Keep in mind that I haven’t done any optimizations whatsoever, and I do loads of really expensive stuff all over Ioke. Specifically, there is no such thing as locals – what looks like locals here are actually regular attributes of a Context object. All lookup of names are using hash tables at the moment. It’s also fully interpreted code. Nothing is being compiled at this point. I’m running all the examples on SoyLatte (Java 1.6) on a MBP. I used the JVM -server flag when running Ioke and JRuby.

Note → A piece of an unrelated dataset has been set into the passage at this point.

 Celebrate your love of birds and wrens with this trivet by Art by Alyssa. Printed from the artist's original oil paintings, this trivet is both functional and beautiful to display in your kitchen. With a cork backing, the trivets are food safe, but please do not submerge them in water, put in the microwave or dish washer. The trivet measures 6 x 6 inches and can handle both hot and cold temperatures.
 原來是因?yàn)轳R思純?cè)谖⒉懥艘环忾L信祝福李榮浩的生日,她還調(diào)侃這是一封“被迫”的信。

The Ruby code looks like this:

require 'benchmark'

def fib_iter_ruby(n)
   i = 0
   j = 1
   cur = 1
   while cur <= n
     k = i
     i = j
     j = k + j
     cur = cur + 1
   end
   i
end

puts Benchmark.measure { fib_iter_ruby(300000) }
puts Benchmark.measure { fib_iter_ruby(300000) }

And the Ioke code looks like this. I don’t have any benchmarking libraries yet, so I measured it using time:

fib = method(n,
  i = 0
  j = 1
  cur = 1
  while(cur <= n,
    k = i
    i = j
    j = k + j
    cur++)
  i)

System ifMain(fib(300000))

And what are the results? Not surprisingly, JRuby does well on this benchmark, and would probably do even better if I ran more iterations. The JRuby (this is current trunk, btw) time for calculating fib(300000) was 7.5s. MRI (ruby 1.8.6 (2008-03-03 patchlevel 114) [i686-darwin8.10.1]) ended up at exactly 14s. So where is Ioke in all this? I’m happy to say Ioke ended up taking 9.2s. I was really pleasantly surprised by that. But I have a feeling that recursive fib might not end up with those proportions. But the indication is that I haven’t done anything amazingly expensive yet, at least. That’s a good sign, although I have no problem sacrificing performance for expressability.



Why not Io?


I have been asked a few times in different circumstances why I feel the need to create my own language instead of just working with Io. That is a very valid question, so I’m going to try to answer it here.

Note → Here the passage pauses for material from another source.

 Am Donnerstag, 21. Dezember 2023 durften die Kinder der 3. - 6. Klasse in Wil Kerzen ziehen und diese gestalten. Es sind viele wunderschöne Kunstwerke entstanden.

First of all, I like Io a lot. Ioke is close enough to Io that it will be obvious who the parent is. In my mind at least, the differences are in many ways cosmetic and in those that are not it’s because I have some fairly specific things in mind.

So what are the main differences? Well, first of all it runs on the JVM. I want it that way because of all the obvious reasons. The Java platform is just such a good place to be. All the libraries are there, a good way of writing extensions in a language that is not C/C++, a substrate that gives me threads, GC and Unicode for free. So these reasons make a big difference both for people using Ioke, and for me. I want to be able to use Ioke to interact with other languages, polyglot programming and all. And since I expect Ioke to be much more expressive than most other languages, I think it will be a very good choice to put on top of a stable layer in the JVM. Being implemented in C makes these benefits go away.

Of course I could just have ported Io to the JVM and be done with it. That’s how it all started. But then I realized that if I decided to not do a straight port, I could change some things. You have seen some discussions about the decisions I’m revisiting here. The whole naming issue, handling of numbers, etc. Other things are more core. I want to allow as much syntactic flexibility as possible. I really can’t stand the three different assignment operators. I know they make the implementation easier to handle, but having one assignment operator with pluggable semantics gives a more expressive language.

Another thing I’m adding in is literal syntax for arrays and hashes, and literal syntax for referencing and setting elements in these. Literals make such a difference in a language and I can’t really handle being without it. These additions substantially complicate the language, but I think it’s worth it for the expressive power.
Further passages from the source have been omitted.